Gerçekten kaybetmişti kendini, bir şey düşünemiyordu... Varvara ağabeyinin yüzüne meydan okurcasına, mağrur bir tavırla bakarak haykırdı:
— Ne yaptım? Nereye götürüyorsun beni? Annene hakaret ettiği, aileni küçük düşürdüğü için ondan özür dilememi mi istiyorsun? Çok alçak bir insansın!
Birkaç dakika birbirinin karşısında dikilip gözlerinin içine baktılar. Gavrila hâlâ bırakmamıştı Varvara'nın kolunu. Varvara bir kez çekmek istedi kolunu, var gücüyle bir kez daha, ama başaramadı. Kendini bilmeden birden tükürdü ağabeyinin yüzüne.
Nastasya Filippovna,
— Şu kıza bakın! diye haykırdı. Bravo size Ptitsın, kutluyorum sizi!
Gavrila'nın gözü döndü, kendini kaybedip kız kardeşine vurmak için hızla kaldırdı kolunu. Tokat kesinlikle yüzüne gelecekti ki, bir el havada yakaladı Gavrila'nın kolunu.
Varvara ile Gavrila'nın arasında prens duruyordu. Kararlı bir tavırla,
— Yeter, bırakın artık! dedi.
Olanlardan etkilenmiş, titriyordu.
Gavrila birden bıraktı Varvara'nın kolunu, boşta kalan eliyle, çılgın bir öfke içinde kudurmuş gibi bağırarak bu kez prense bir tokat attı.

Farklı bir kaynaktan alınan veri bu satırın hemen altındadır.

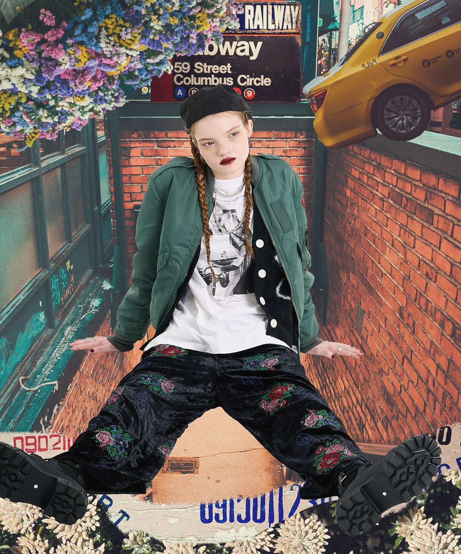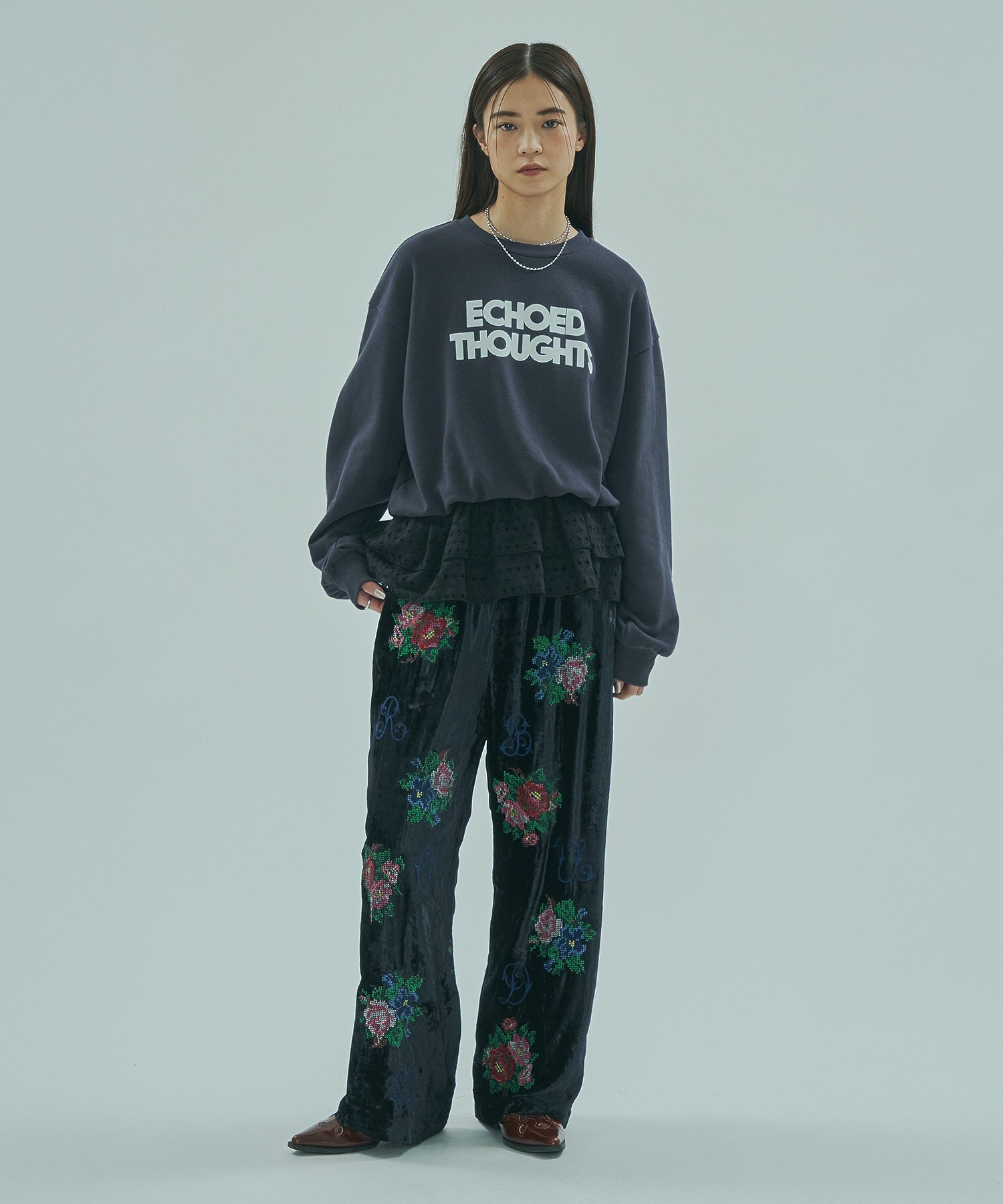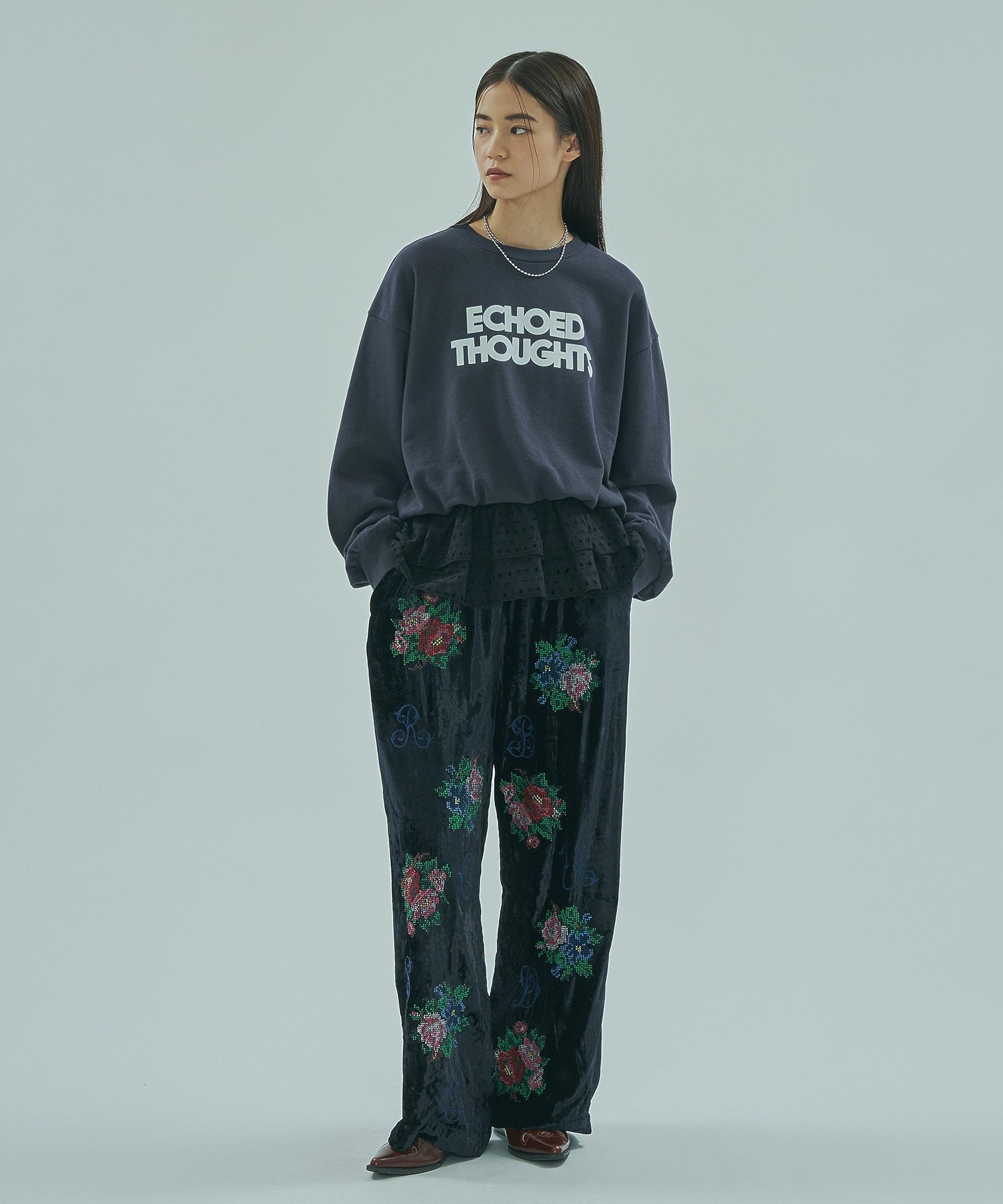 ROSE BUDオリジナル柄のベロアワイドパンツ
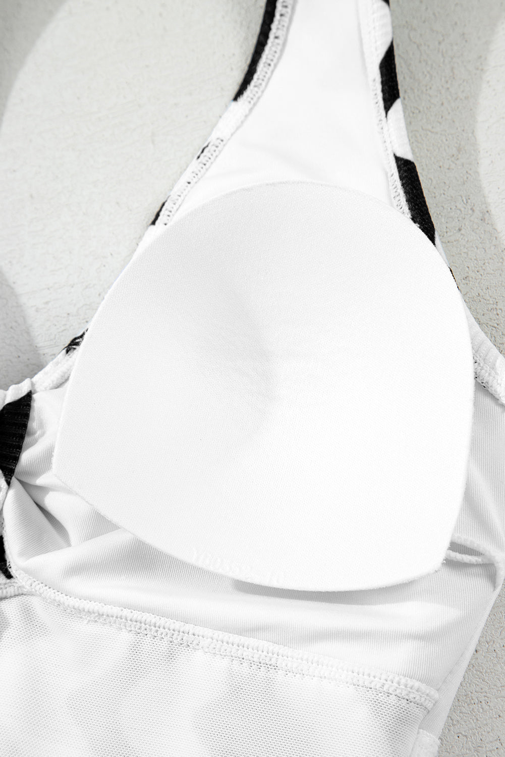 Black Stripe Bowknot Ricrac Print V Neck Low Back Cut One Piece Swimsuit
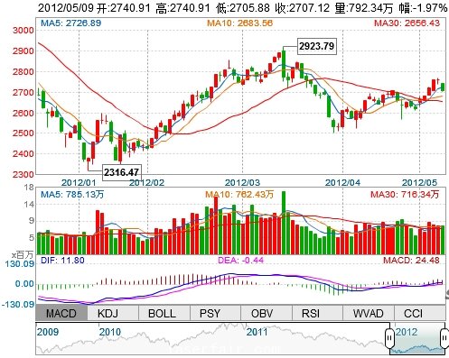 今 開: 2740.91 最 高: 2740.91 最 低: 2705.88 振 幅: 1.27% 昨 收: 2761.56 成交量: 7923354手 成交額: 1003532.75萬 換手率: --
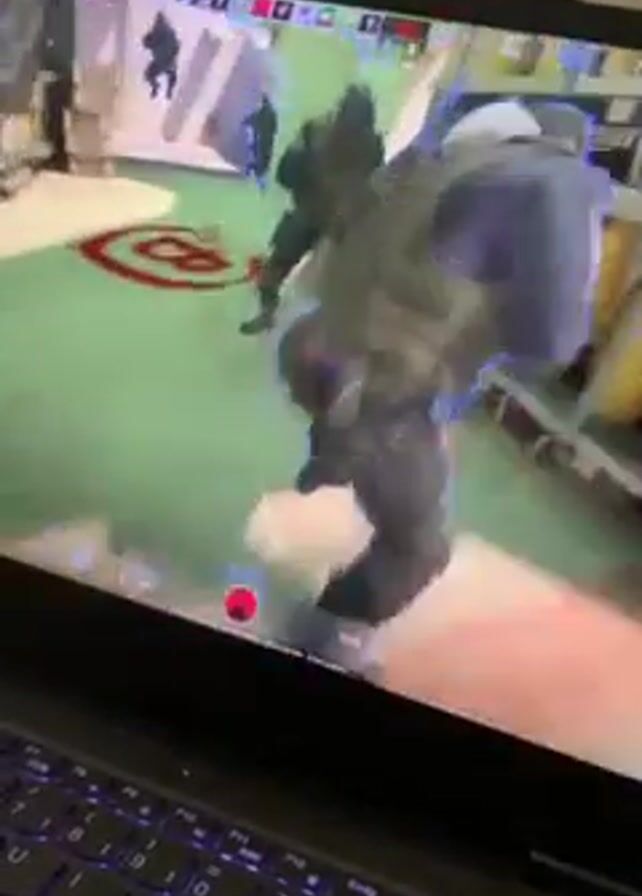 A person is playing a first-person shooter video game on a laptop

— Hep böyle karşıma mı çıkacaksın sen!
Kolya ellerini çırptı.
— Ah! Aman Tanrım!
Her yandan sesler yükseldi. Prensin yüzü bembeyaz olmuştu. Tuhaf, sitemli bakışını dikmiş, Gavrila'nın gözlerinin içine bakıyordu. Bir şey söylemeye hazırlanmış gibi duran dudakları tuhaf, yüzüne hiç gitmeyen bir gülümsemeyle kıvrılmış, titriyordu. Bir süre sonra alçak sesle,
— Varsın bana olsun... diye mırıldandı. Ama ona... ne pahasına olursa olsun, ona yapmanıza izin vermem!..

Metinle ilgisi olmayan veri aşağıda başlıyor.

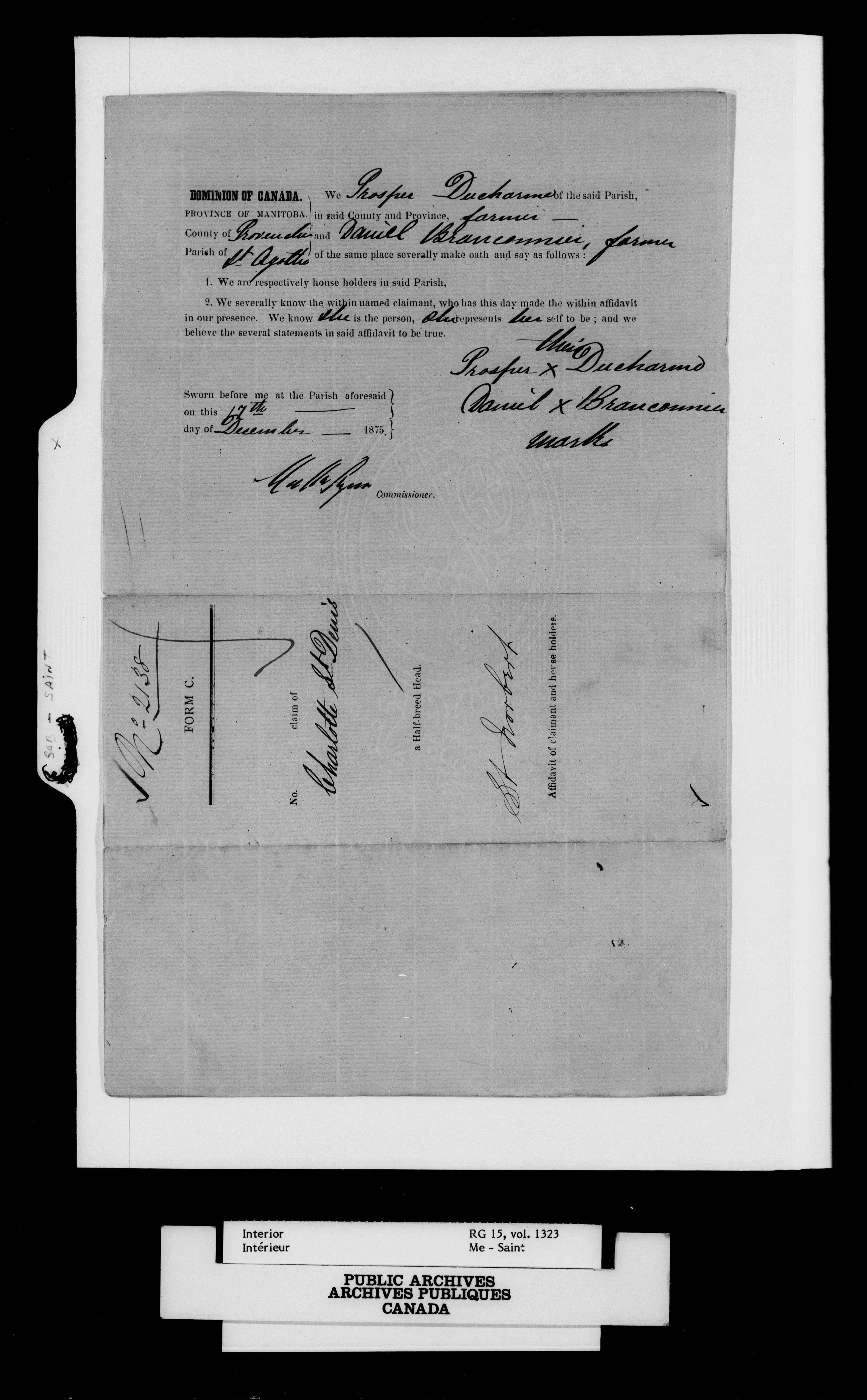 Department of the Interior, Dominion Lands Branch : Métis and original White settlers affidavits - 14932
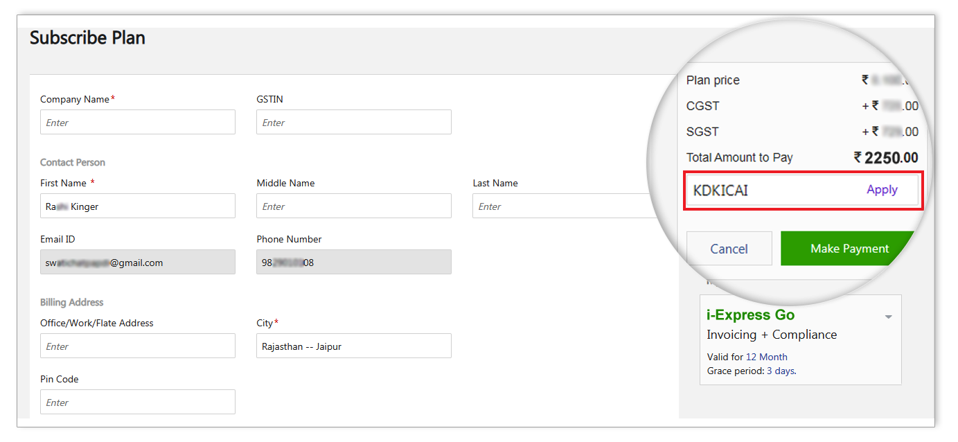 Step 3: Fill the Plan Subscription Page and apply the Voucher Code as
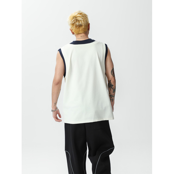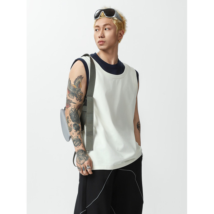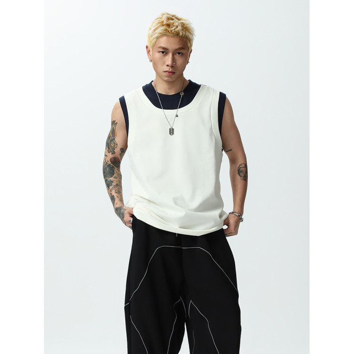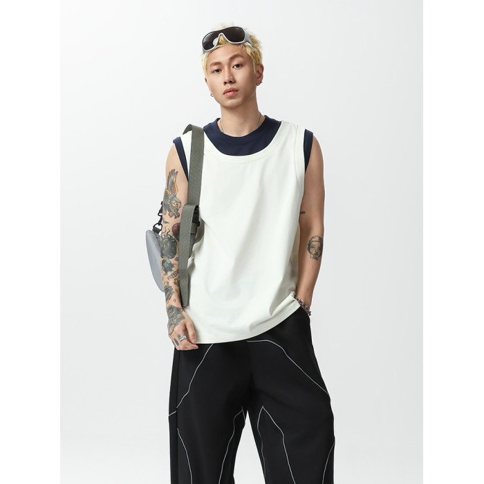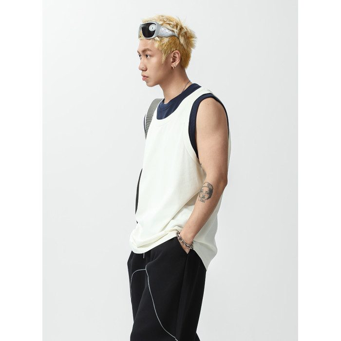 潮牌假兩件拼接設計感坎肩背心男款夏季潮流痞帥健身上衣無袖T恤

Ama dayanamadı, Gavrila'nın yanından ayrıldı, ellerini yüzüne kapayıp gitti, odanın bir köşesinde yüzü duvara dönük durdu, kısık bir sesle,
— Ah, dedi, bu yaptığınızdan ne çok utanacaksınız!
Gerçekten de Gavrila mahvolmuş gibi ayakta duruyordu. Kolya koşup kucakladı prensi. Rogojin, Varvara, Ptitsın, Nina Aleksandrovna, hepsi, yaşlı Ardalion Aleksandroviç bile aynı şeyi yaptılar.

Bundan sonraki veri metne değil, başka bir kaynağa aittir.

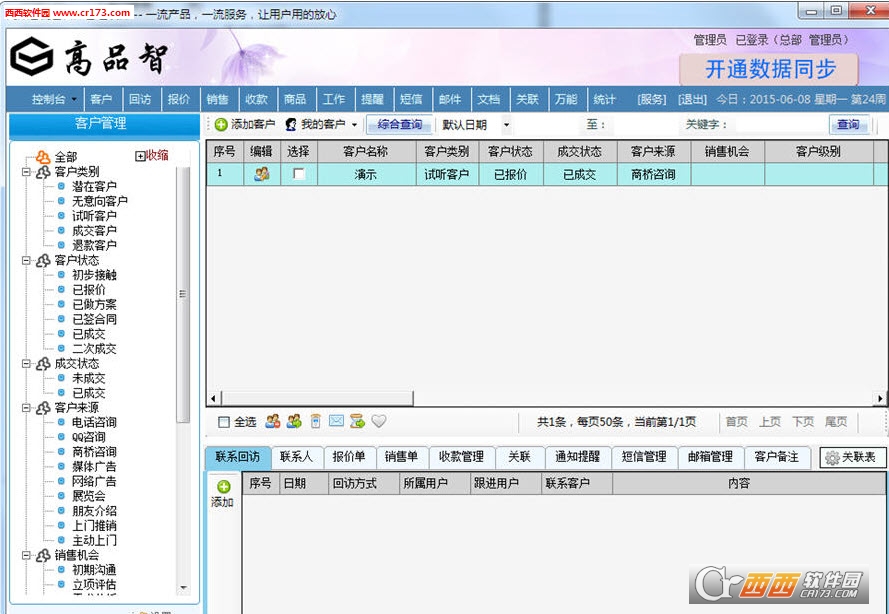 高品智CRM企业销售管理软件是一款销售版CRM专为中小微型企业量身开发的管理系统(20用户免费),最大的特点就是“万能自概念,高可扩展型,超灵活实用”,可以参考我们的业务特征,随便更改字段。本软件在管理顾客、回访、来电、销售、财务等很多方面提供多种解决方法,已经为50多种行业和10000多家顾客进行了信息化建设。
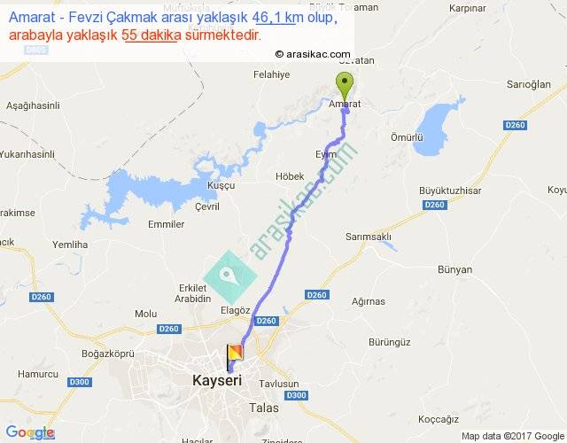 Amarat - Fevzi Çakmak arası yaklaşık olarak 90 km/h ile yukarıda belirtilen sürede olup, iki yerin kuş uçuşu uzaklığı (mesafesi) 39'dir. Yolculuk otobüsle 1 saat 11 dakika sürmektedir.

Prens, yüzünde hep o tuhaf gülümseme, her yana mırıldanıyordu:
— Önemli değil, önemli değil!
— Evet, pişman olacak! diye bağırdı Rogojin. Gavrila, böyle bir kuzuya... (o anda başka bir sözcük gelmemişti aklına) bu yaptığın için pişman olacaksın! Prens, canım benim, bırak onları; tükür hepsine! Bizimle gel de Rogojin'in sevgisini gör!
Gavrila'nın bu yaptığı da, prensin verdiği karşılık da Nastasya Filippovna'yı çok etkilemişti. Deminki yapmacık kahkahalarına hiç uygun düşmeyen her zamanki soluk, dalgın yüzü şimdi yepyeni bir duyguyla dalgalanmıştı; ama yine de bunu göstermek istemiyordu sanki. Alaycı ifadesi yüzünde durmayı sürdürüyordu.
Birden biraz önceki sorusunu hatırlayıp ciddi bir tavırla,
— Evet, gerçekten bir yerde gördüm ben bu yüzü! dedi.
Prens yürekten, derin bir sitemle,
— Siz de utanmıyorsunuz bile! diye haykırdı. Hiç de şu anda görünmeye çalıştığınız insan değilsiniz siz!
Nastasya Filippovna şaşırdı, gülümsedi, ama gülümsemesinin altında başka bir şeyi saklamaya çalışıyormuş gibi biraz şaşkın, Gavrila'ya baktı ve çıktı konuk salonundan. Ama antreye varmadan birden geri döndü, çabuk adımlarla Nina Aleksandrovna'nın yanına gitti, elini alıp dudaklarına götürdü. Çabuk çabuk konuşarak, heyecanla, yüzü kıpkırmızı, fısıldadı ona:
— Prens doğru söyledi, gerçekte hiç de böyle biri değilim...
Sonra döndü, hemen çıktı konuk salonundan. Bu kez öylesine çabuk çıkmıştı ki, onun neden geri geldiğini kimse anlayamamıştı. Yalnızca onun Nina Aleksandrovna'ya bir şeyler fısıldadığını ve galiba elini de öptüğünü görmüşlerdi, o kadar. Ama Varvara her şeyi görmüş, duymuştu; hayretle Nastasya Filippovna'nın arkasından bakıyordu.
Gavrila Nastasya Filippovna'yı geçirmek için arkasından koştu, ama o bu arada dış kapıdan çoktan çıkmıştı. Merdivende yetişti ona Gavrila.
— Hayır, geçirmeyin beni! diye haykırdı Nastasya Filippovna. Hoşça kalın, akşama görüşürüz! Mutlaka bekliyorum, duydunuz beni, değil mi?
Gavrila şaşkın, dalgın döndü konuk salonuna. Ağır bir soru öncekinden daha da ağır olarak taş gibi oturmuştu yüreğine. Prens de hayal gibi geçmişti önünden... Öylesine kendinde değildi ki, Rogojin'in arkasından koşturan çetesindekilerin onu evin kapısında sıkıştırarak yanından geçtiklerini bile zorlukla fark etmişti. Hepsi bir ağızdan yüksek sesle bir şeyler konuşuyorlardı. Rogojin en önde Ptitsın'la yan yana yürüyor, ona ısrarla, besbelli önemli ve acil bir konuda bir şeyler söylüyordu.
Gavrila'nın yanından geçerken,
— Kaybettin Gavrilacık! diye haykırmıştı.
Gavrila endişeli bakmıştı arkasından.